The next phase is to develop models representing the system from which the data was collected. The form of these models is wide and varied and dependent upon the question which you are aiming to answer. For example:

If you are interested in identifying groups of customers with similar purchasing patterns then clustering methods would be the most appropriate.
If your project requires image or voice recognition then deep learning methods are at present the optimal solution.
If you are looking to extrapolate company earnings in a hypothetical future economy then statistical regression may be the most appropriate approach.
If you need to determine the parameters for models that are very computationally expensive, then one can minimise a response surface model of the simulation error as opposed to the model directly.

I will provide worked examples of each of these applications in future posts. Regardless of the approach it is good practice to build the model using a sub-set of the data (the training set), and verify the model on the remaining data not used during the model training process. If the model does not perform adequately well on the test data, then one may either need to adopt a more complex model, or collect more data, depending on if the model is either under or over fitting the data. This is discussed in more detail in a future post on multi-dimensional linear regression.

Once a model is built and verified it can then be used to make predictions and/or optimise the system design. The most appropriate optimisation method depends on the dimensionality and nonlinearity of the parameter space, and the computational cost required to evaluate the model. Typical available optimisation methods include: gradient base search; genetic algorithms; evolutionary methods; stochastic optimisation; swarm optimisation; and response surface modelling, to name but a few. I will demonstrate the application of response surface models in the following post.

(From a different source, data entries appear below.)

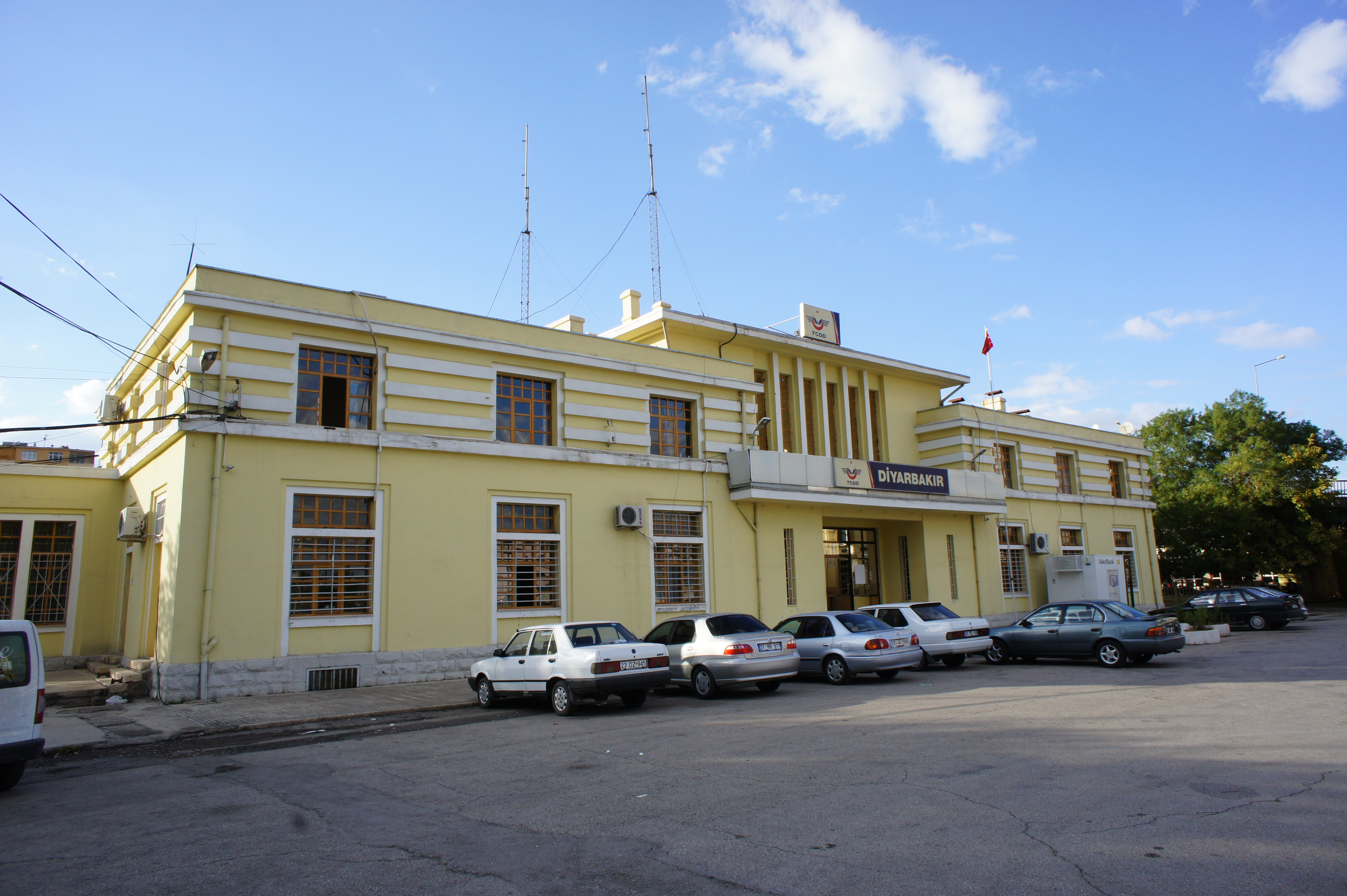 Diyarbakır (Amed) train station. Kurdî: Îstgeha trenan, Amed.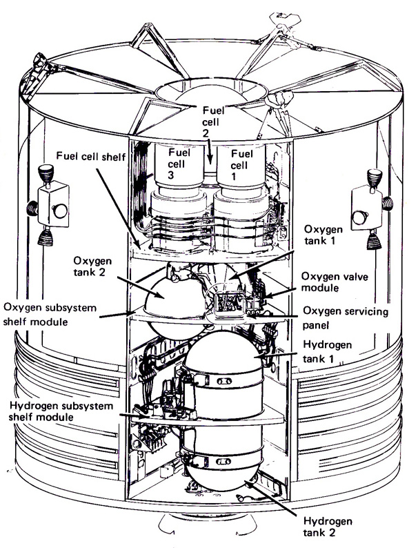 Apollo 13 Service Module and the location of the oxygen tanks relative to the other systems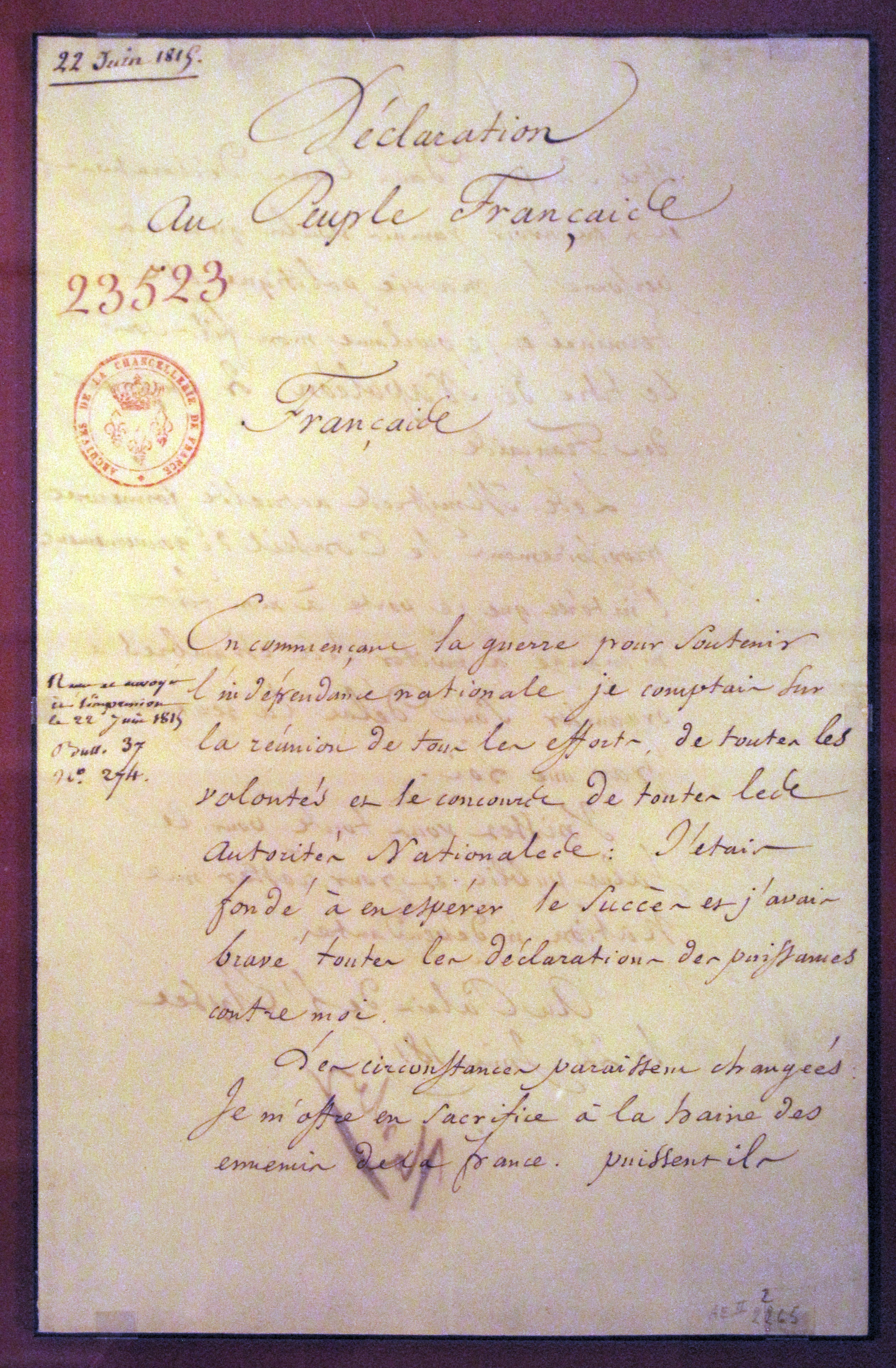 Second act of abdication of Napoléon I, Palais de l'Élysée 22 June 1815. Manuscript, ink on paper. Paris, National archives.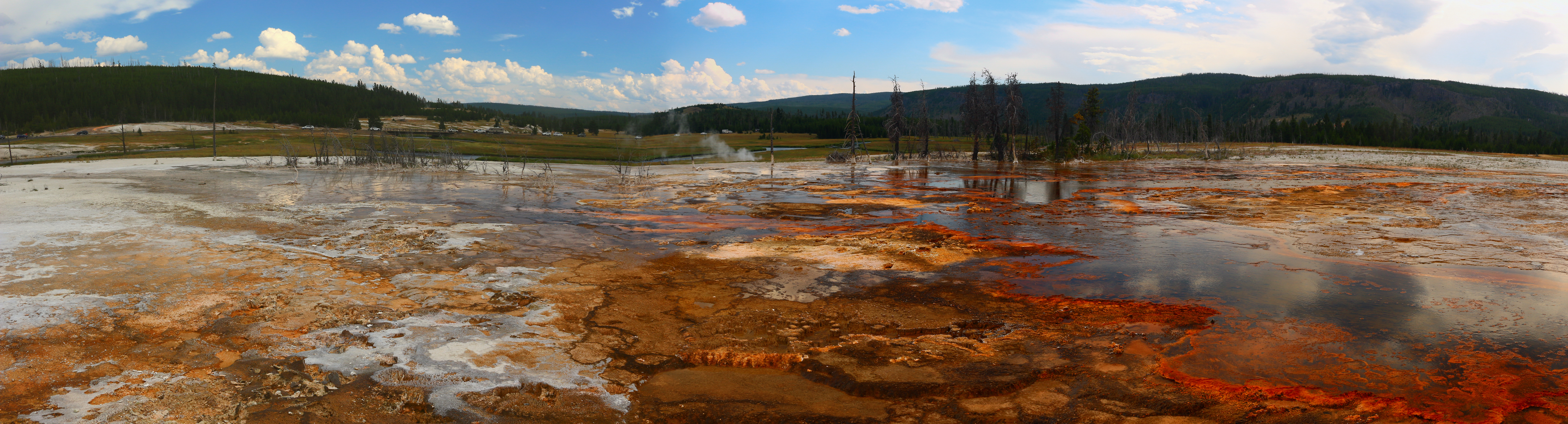 USA, Wyoming, Yellowstone National Park, panoramic

Visualisation of the original data and/or model predictions is an efficient way to report and communicate the results of your analysis. I have already discussed the visualisation of time varying three-dimensional data sets in a previous post. There are also a variety of techniques available for visualising even higher multi-dimensional multi-variate data set. An example would be visualising how the GDP of an economy varies with employment, population, education, water and food availability, etc. There are various techniques available to visualise highly dimensional data sets including: parallel coordinates; radial visualisation; sun burst; and matrix scatter plots.

The following posts will provide further details on the various aspects and facets of data mining highlighted here.

References:

[1] Kantardic, M., 2003, Data mining: concepts, models, methods, and algorithms, Wiley-IEEE Press.